Mac snorts, looking at Dave. “Can you believe this shit? It’s fucking pathetic. Why else would a fucking DEA bitch show up here, spouting shit like that, if it weren’t true?”
Mac is many things, but smart is not one of them. “Why the fuck would she show up here, spouting that shit, if it was true? God, Mac! If I were an informant, working for her to try and bring you down, she would have just blown my cover and ruined her whole operation by talking to you. She would never have done it!”
A shadow of doubt flickers over Mac’s otherwise angry features. I’ve got him thinking, but it won’t be enough. I know it won’t. Men like Mac don’t spare another man’s life on the off chance they could be wrong about them. They kill them with their own bare hands in case they’re right.
“Then you deny knowing her?” he spits. “You’ve never met her in your entire life?”
“I’ve met her. She’s blackmailing me into helping her. It has nothing to do with you, though.”
“Bullshit.”
“It’s the truth. They found some dead body up in the mountains. They’re trying to pin the murder on the guys across the street.”
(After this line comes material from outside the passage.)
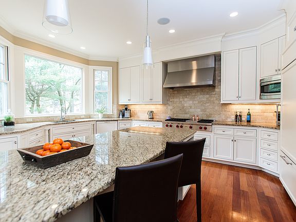 Stylish and chic shingle style colonial located within a short walking distance to Weston town center. This young custom home boasts over 5,000 square feet of custom design and quality. The dramatic 2 story foyer has a beautiful turned staircase while showcasing a large entertainment sized dining room, an in home office/library that is conveniently tucked away behind French doors. An enviable chefs kitchen includes stainless steel appliances an oversized island, pantry and computer desk working station that seamlessly flow into a family room with cathedral ceilings and inviting stone fireplace. 4 generous sized bedrooms include a luxurious master suite with walk in closet and spa like master bath. Lower level is complete with recreation room,Aupair/guest suite and full bath. Relax and enjoy summertime barbecues from your deck that overlooks a palatial and private backyard . Great commuting location to 128/Pike and Route 117.

“On Mayfair?” Mac looks dubious. No doubt he has a fair few bodies of his own buried in the mountains that border the city. His mind is probably screaming at him, trying to recall when and where the other victims of his rage were all disposed of. “No one would be stupid enough to fuck with Mayfair. Not even the DEA,” he snaps. “If you’re gonna lie, you little fuck, you’d better come up with something slightly more believable.”
I bang the back of my head against the wall behind me, gritting my teeth. How the hell do you make a mad man see sense? Mac can be pretty reasonable when the mood takes him, but when he’s fired up and out for blood like this, sense isn’t any good to him, and therefore it’s banished from reach until later when cooler heads prevail.
“They have history,” I say. “She’s been after him for a while now. Go and ask him. Go and ask Zeth about her, for fuck’s sake. He’ll tell you it’s true.”
“Ha! No fucking way. So you’re saying he knows about this bitch trying to pinch him for murder?”
I nod.
“There is no fucking way on this earth a man like him would know about her and she would be still drawing breath. Just no way. He’s old school. He’s one of Charlie Holsan’s boys. He’s like me. You don’t leave problems like that walking around, causing trouble, creating problems for you. You take care of them immediately and have done with it.”
Out of the corner of my eye, Dave is shifting uncomfortably from foot to foot. He’s hovering in the doorway, keeping an eye out for people approaching the shop from the street, while at the same time remaining close to help Mac if I become too much of a problem. Right now, he looks distinctly uncomfortable, like he has something to say but can’t quite bring himself to say it.
Mac spits onto the ground, stooping slowly to collect up another brick. He passes it from one hand to the other, coldly regarding me with distaste. “Maybe killing you isn’t enough, Reeves. After all the shit I’ve done for you, all the slack I’ve given you, you do this to me?” Shaking his head violently from side to side, he grunts, narrowing his eyes. “No. Killing you won’t be enough. Maybe Dave will go pay a visit to Millie after we’re done here. Seems like a kindness to me, in fact. Put the poor little bitch out of her misery once and for all. What do you say, Mase? You think we’d be doing her a favor?”
My body reacts without my permission. I fly at the old man, fists raised, and I hit him hard. His head kicks back, blood spattering everywhere as his nose makes a wet popping sound.
“Ho shit,” Dave whispers. “You did not just do that.”
I’m not listening to him, though. I’m deaf and I am blind to anything but the man lying on the ground before me. He can’t be allowed to hurt her. He just can’t be allowed to fucking hurt her. No matter what, I have to make sure Mac never comes within three fucking feet of Millie. Something’s in my hand, something uneven and rough against my already rough skin: a heel of shattered brick. That will do. When Mac was launching the bricks at me just now, he wasn’t really aiming properly. He was trying to scare me, to get me to admit to something that would damn me. When I throw the brick, I’m aiming right between the bastard’s eyes. He sees it coming way too late. Mac screams as the brick makes contact, holding his hands over his face. I don’t stop there, though. I pick up another brick, and another and another, throwing each one as hard as I can at his head until his hands fall away and his flesh is a bloody, messy pulp.
I can hear nothing but the loud rush of my blood hurtling through me.